Task brief:
All records, exactly as written, minus the pictures: copy them out.

START Data provided

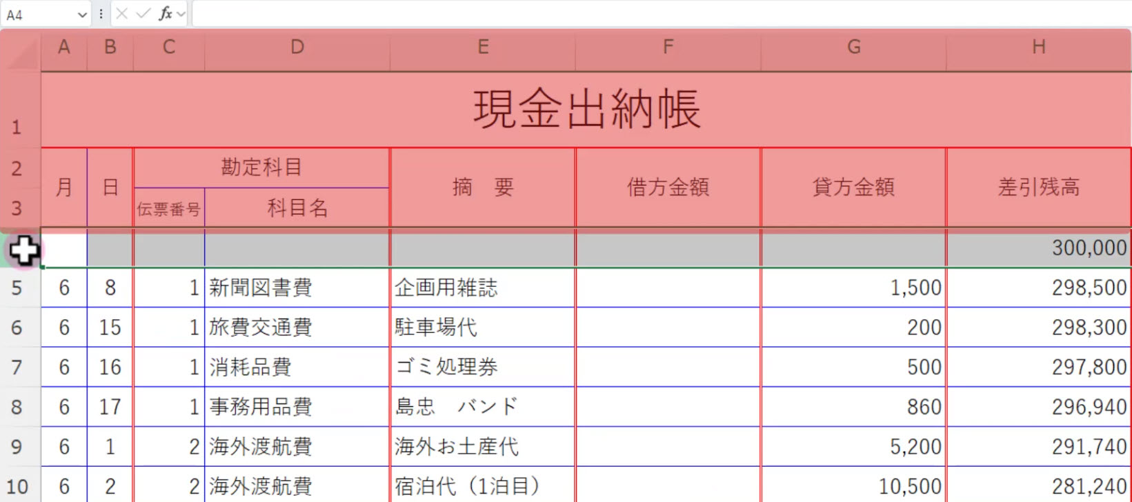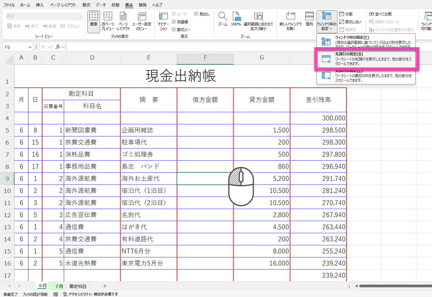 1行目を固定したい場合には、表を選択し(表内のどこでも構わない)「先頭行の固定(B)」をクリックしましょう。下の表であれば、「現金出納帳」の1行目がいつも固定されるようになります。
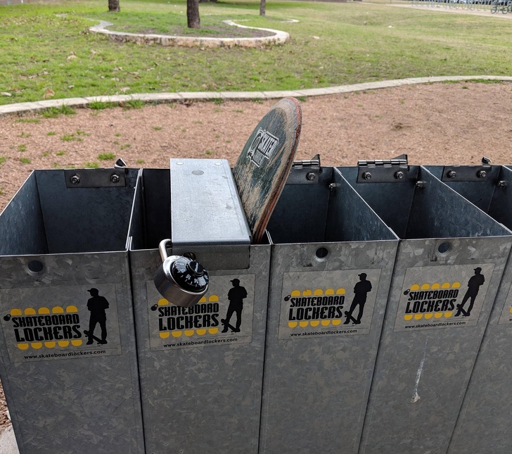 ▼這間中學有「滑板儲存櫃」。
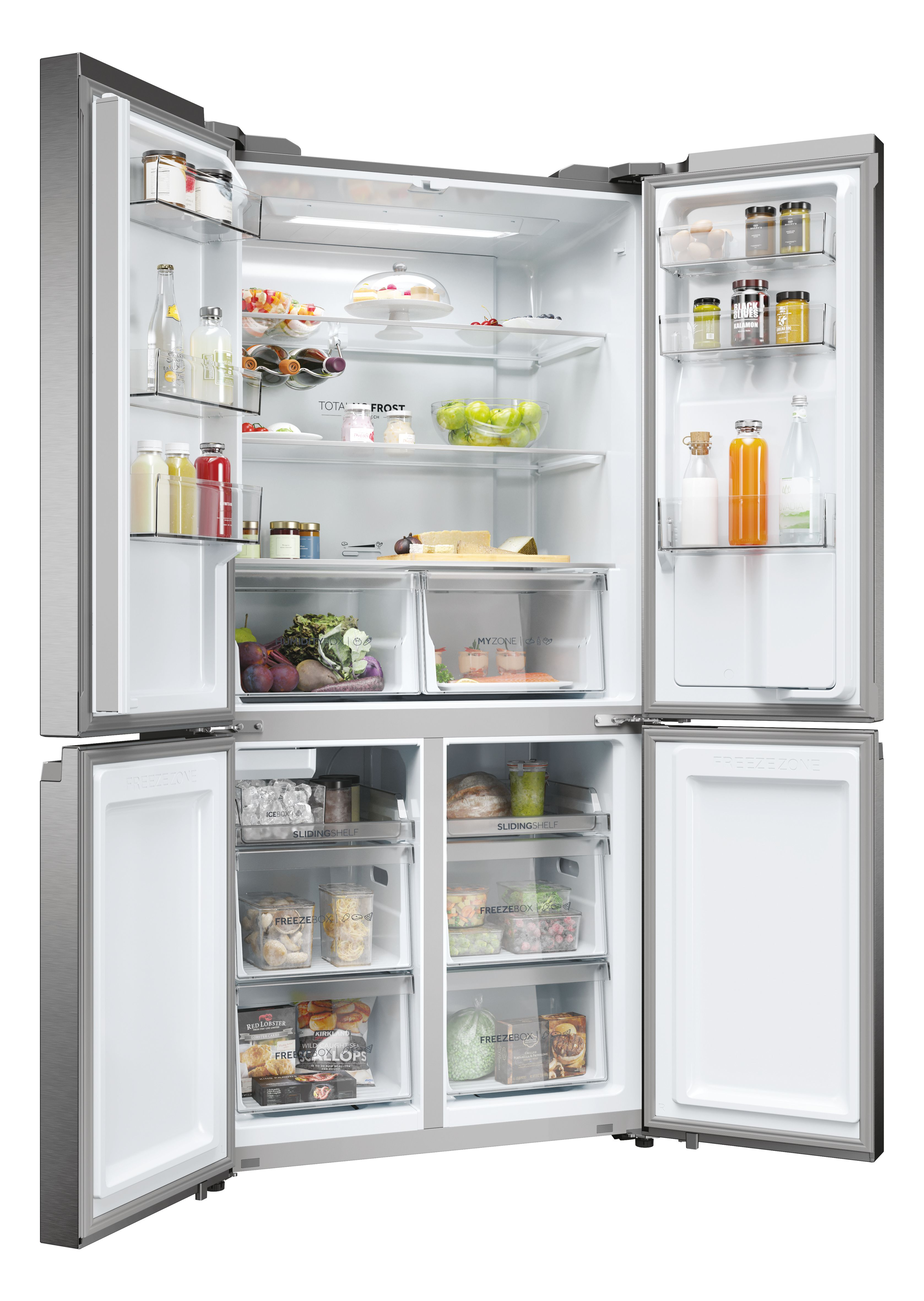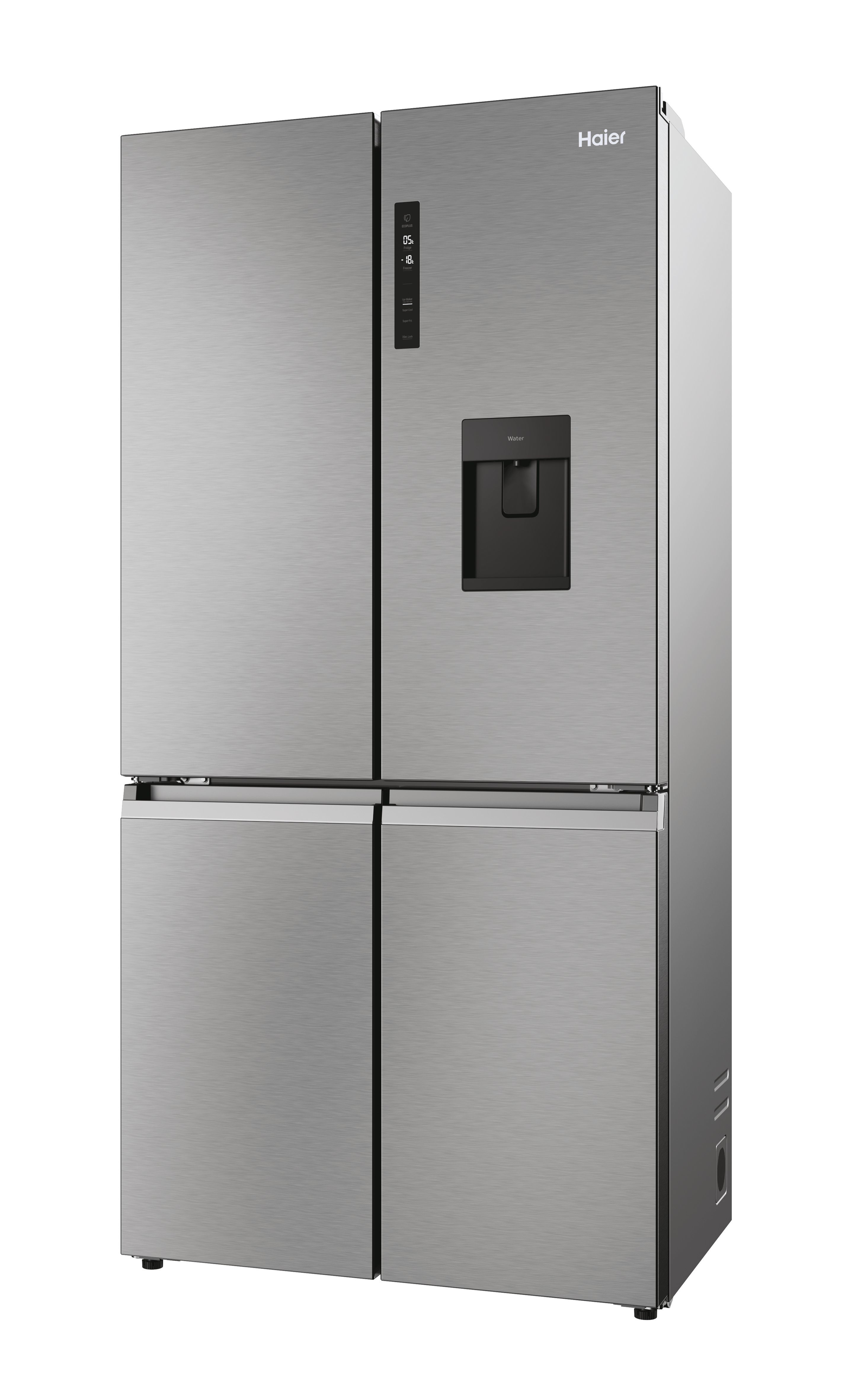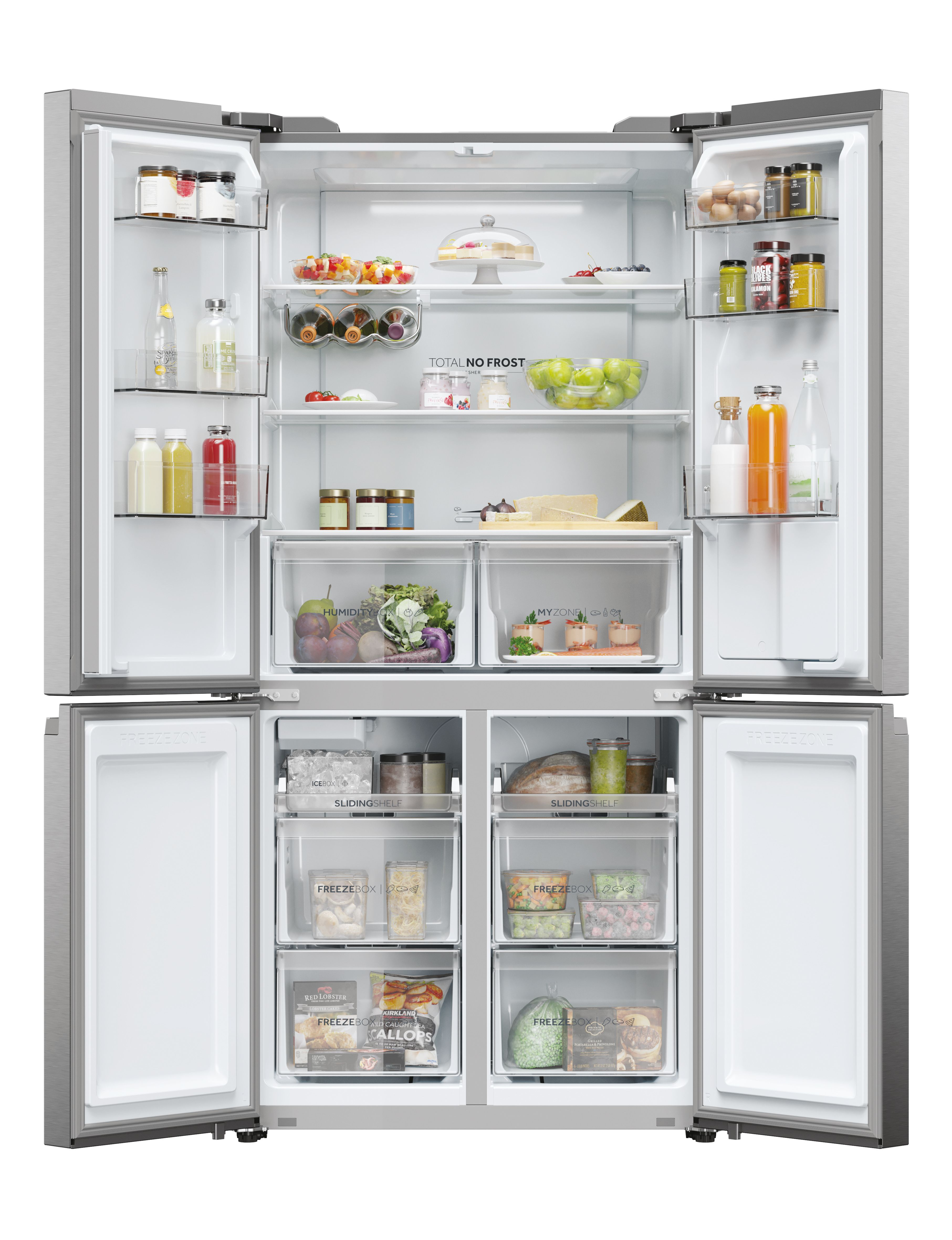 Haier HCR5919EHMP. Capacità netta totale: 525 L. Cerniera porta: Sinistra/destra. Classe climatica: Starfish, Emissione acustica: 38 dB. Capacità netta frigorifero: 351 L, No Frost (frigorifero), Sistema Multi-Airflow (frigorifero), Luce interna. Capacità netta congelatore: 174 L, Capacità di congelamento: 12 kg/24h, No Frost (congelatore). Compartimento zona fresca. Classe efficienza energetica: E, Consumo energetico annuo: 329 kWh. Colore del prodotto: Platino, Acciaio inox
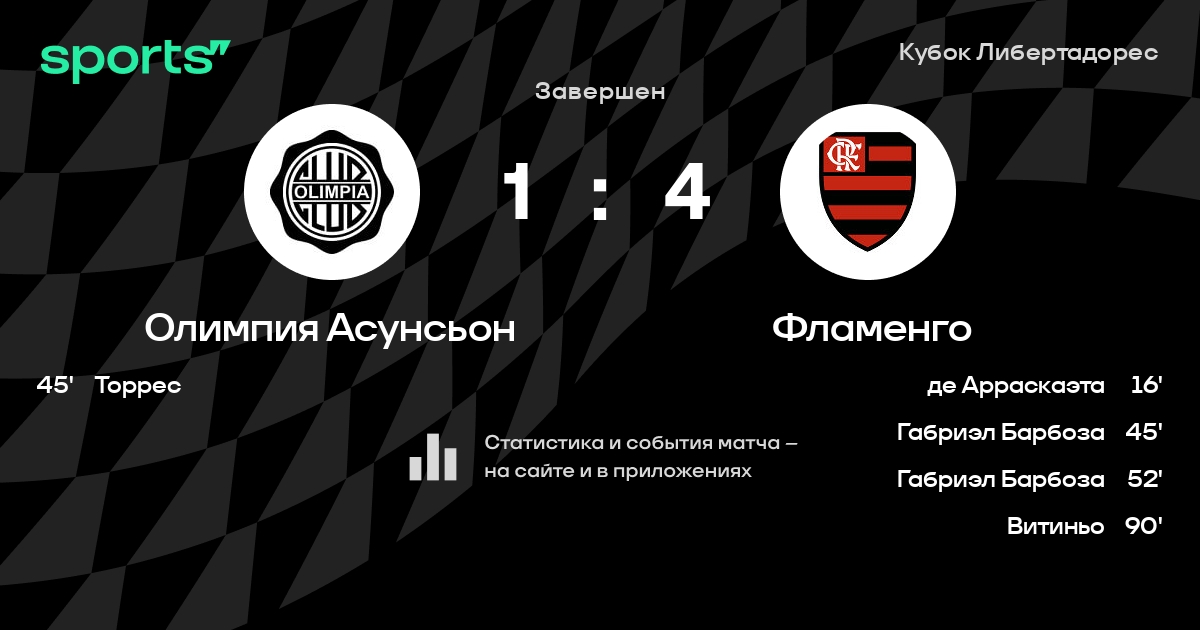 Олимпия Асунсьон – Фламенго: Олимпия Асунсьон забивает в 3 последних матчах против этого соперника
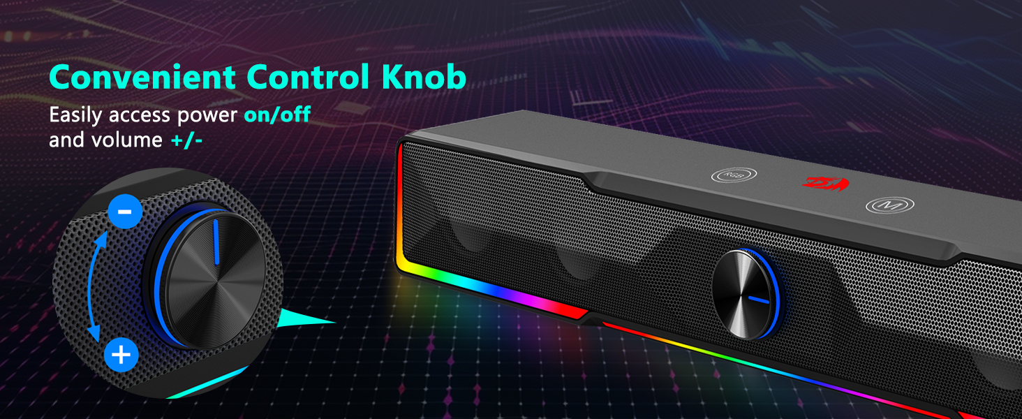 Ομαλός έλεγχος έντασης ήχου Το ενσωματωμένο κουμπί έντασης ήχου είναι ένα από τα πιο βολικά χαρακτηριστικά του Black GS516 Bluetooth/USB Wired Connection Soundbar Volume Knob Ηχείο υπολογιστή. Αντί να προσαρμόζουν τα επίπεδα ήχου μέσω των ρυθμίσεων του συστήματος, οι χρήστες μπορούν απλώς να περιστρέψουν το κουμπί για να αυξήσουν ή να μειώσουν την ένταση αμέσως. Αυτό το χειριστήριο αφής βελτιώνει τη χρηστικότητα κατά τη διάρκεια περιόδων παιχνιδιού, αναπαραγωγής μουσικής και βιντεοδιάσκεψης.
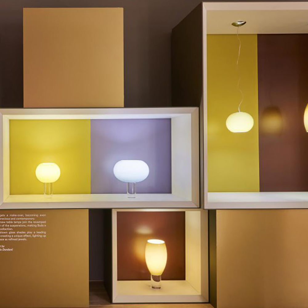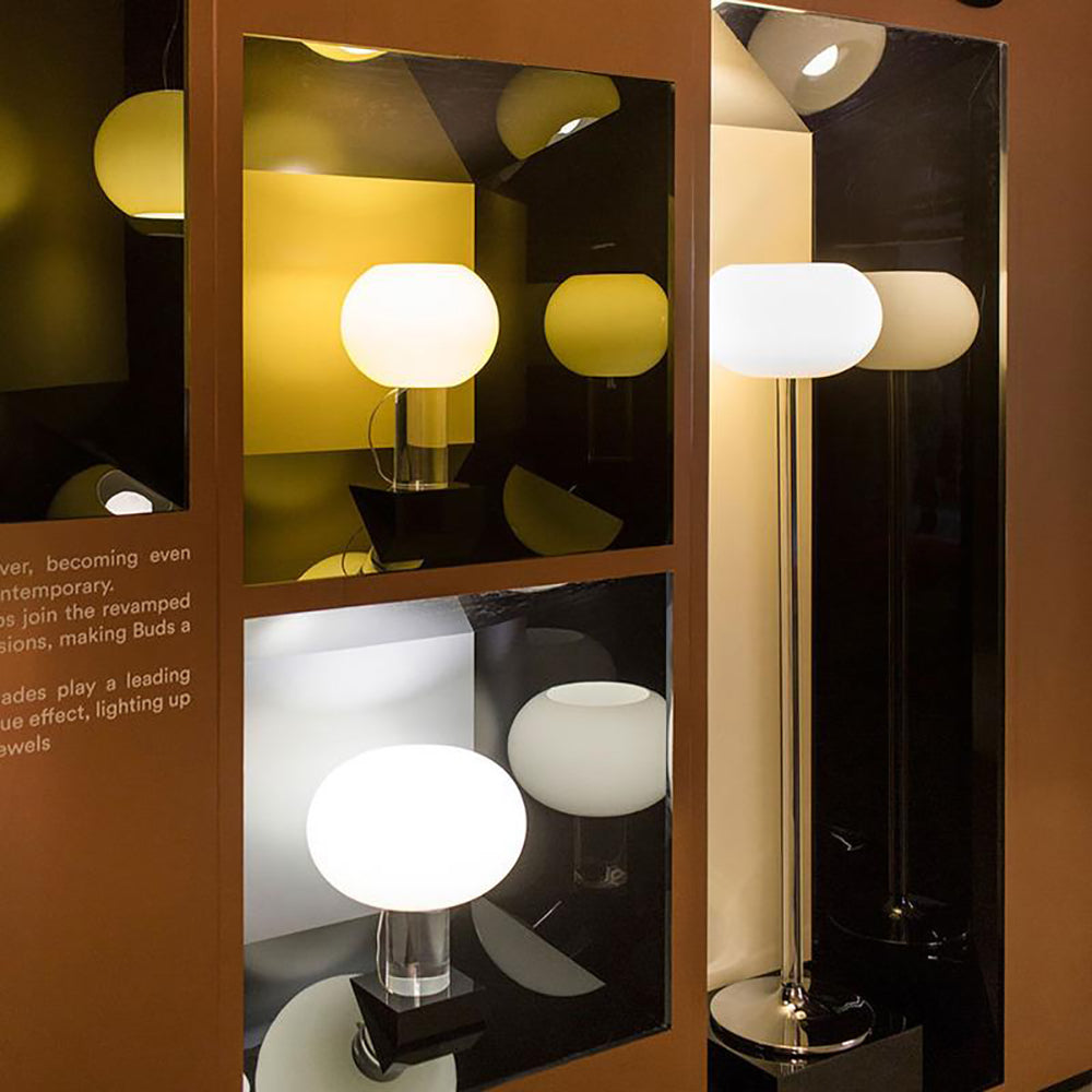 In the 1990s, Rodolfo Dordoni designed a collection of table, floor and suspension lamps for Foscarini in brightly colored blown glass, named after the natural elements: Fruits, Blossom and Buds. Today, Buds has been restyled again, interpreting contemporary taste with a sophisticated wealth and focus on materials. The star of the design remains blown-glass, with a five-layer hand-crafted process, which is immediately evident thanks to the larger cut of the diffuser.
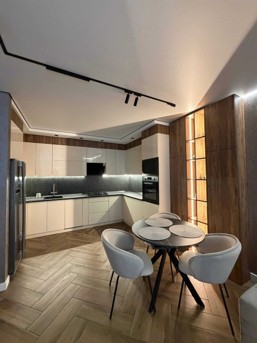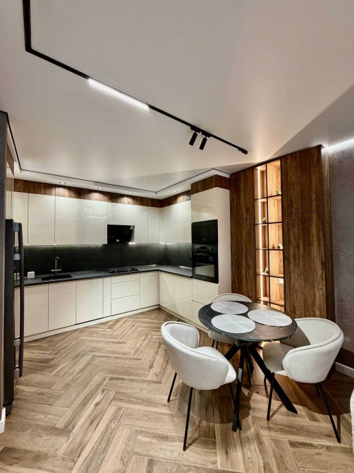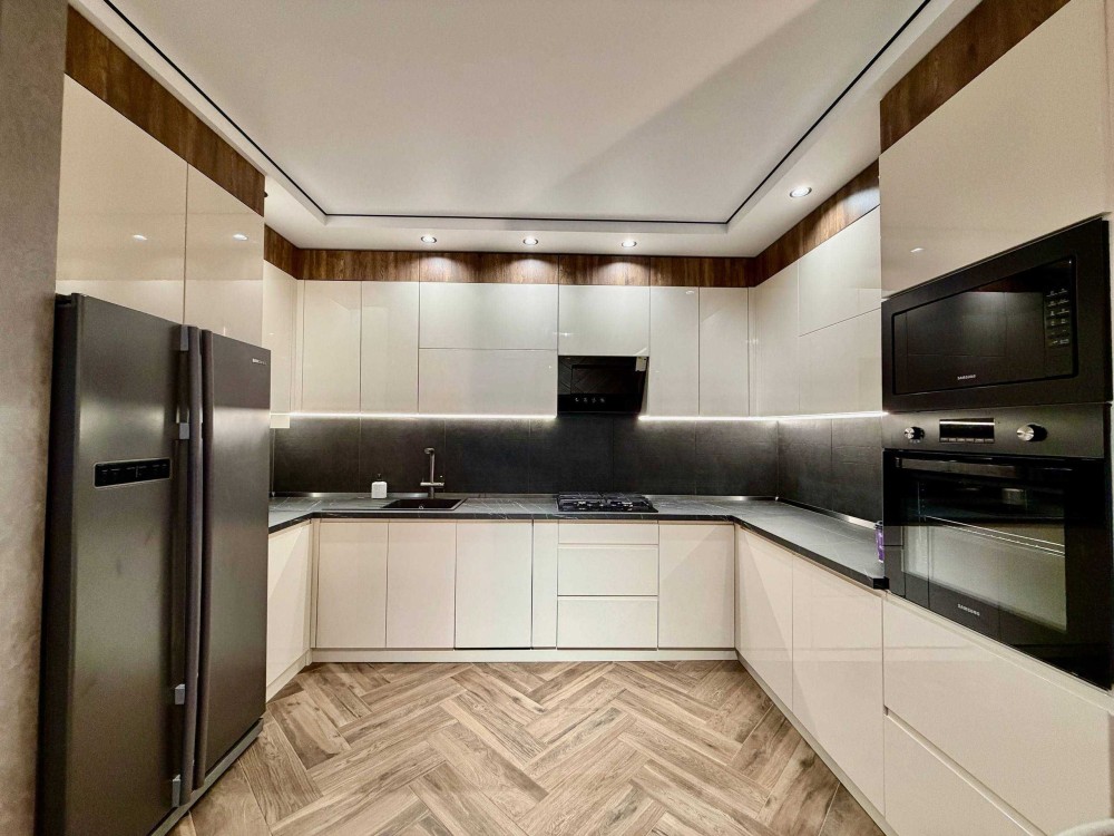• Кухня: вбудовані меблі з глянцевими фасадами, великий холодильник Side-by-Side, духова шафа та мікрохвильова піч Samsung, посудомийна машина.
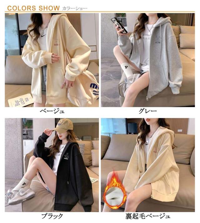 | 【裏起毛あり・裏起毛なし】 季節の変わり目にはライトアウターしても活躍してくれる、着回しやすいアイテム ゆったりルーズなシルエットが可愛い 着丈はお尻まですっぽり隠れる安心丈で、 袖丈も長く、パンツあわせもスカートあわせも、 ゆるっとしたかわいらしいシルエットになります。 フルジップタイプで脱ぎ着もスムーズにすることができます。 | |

END Data provided

Written response:
 1行目を固定したい場合には、表を選択し(表内のどこでも構わない)「先頭行の固定(B)」をクリックしましょう。下の表であれば、「現金出納帳」の1行目がいつも固定されるようになります。
 ▼這間中學有「滑板儲存櫃」。
 Haier HCR5919EHMP. Capacità netta totale: 525 L. Cerniera porta: Sinistra/destra. Classe climatica: Starfish, Emissione acustica: 38 dB. Capacità netta frigorifero: 351 L, No Frost (frigorifero), Sistema Multi-Airflow (frigorifero), Luce interna. Capacità netta congelatore: 174 L, Capacità di congelamento: 12 kg/24h, No Frost (congelatore). Compartimento zona fresca. Classe efficienza energetica: E, Consumo energetico annuo: 329 kWh. Colore del prodotto: Platino, Acciaio inox
 Олимпия Асунсьон – Фламенго: Олимпия Асунсьон забивает в 3 последних матчах против этого соперника
 Ομαλός έλεγχος έντασης ήχου Το ενσωματωμένο κουμπί έντασης ήχου είναι ένα από τα πιο βολικά χαρακτηριστικά του Black GS516 Bluetooth/USB Wired Connection Soundbar Volume Knob Ηχείο υπολογιστή. Αντί να προσαρμόζουν τα επίπεδα ήχου μέσω των ρυθμίσεων του συστήματος, οι χρήστες μπορούν απλώς να περιστρέψουν το κουμπί για να αυξήσουν ή να μειώσουν την ένταση αμέσως. Αυτό το χειριστήριο αφής βελτιώνει τη χρηστικότητα κατά τη διάρκεια περιόδων παιχνιδιού, αναπαραγωγής μουσικής και βιντεοδιάσκεψης.
 In the 1990s, Rodolfo Dordoni designed a collection of table, floor and suspension lamps for Foscarini in brightly colored blown glass, named after the natural elements: Fruits, Blossom and Buds. Today, Buds has been restyled again, interpreting contemporary taste with a sophisticated wealth and focus on materials. The star of the design remains blown-glass, with a five-layer hand-crafted process, which is immediately evident thanks to the larger cut of the diffuser.
• Кухня: вбудовані меблі з глянцевими фасадами, великий холодильник Side-by-Side, духова шафа та мікрохвильова піч Samsung, посудомийна машина.
 | 【裏起毛あり・裏起毛なし】 季節の変わり目にはライトアウターしても活躍してくれる、着回しやすいアイテム ゆったりルーズなシルエットが可愛い 着丈はお尻まですっぽり隠れる安心丈で、 袖丈も長く、パンツあわせもスカートあわせも、 ゆるっとしたかわいらしいシルエットになります。 フルジップタイプで脱ぎ着もスムーズにすることができます。 | |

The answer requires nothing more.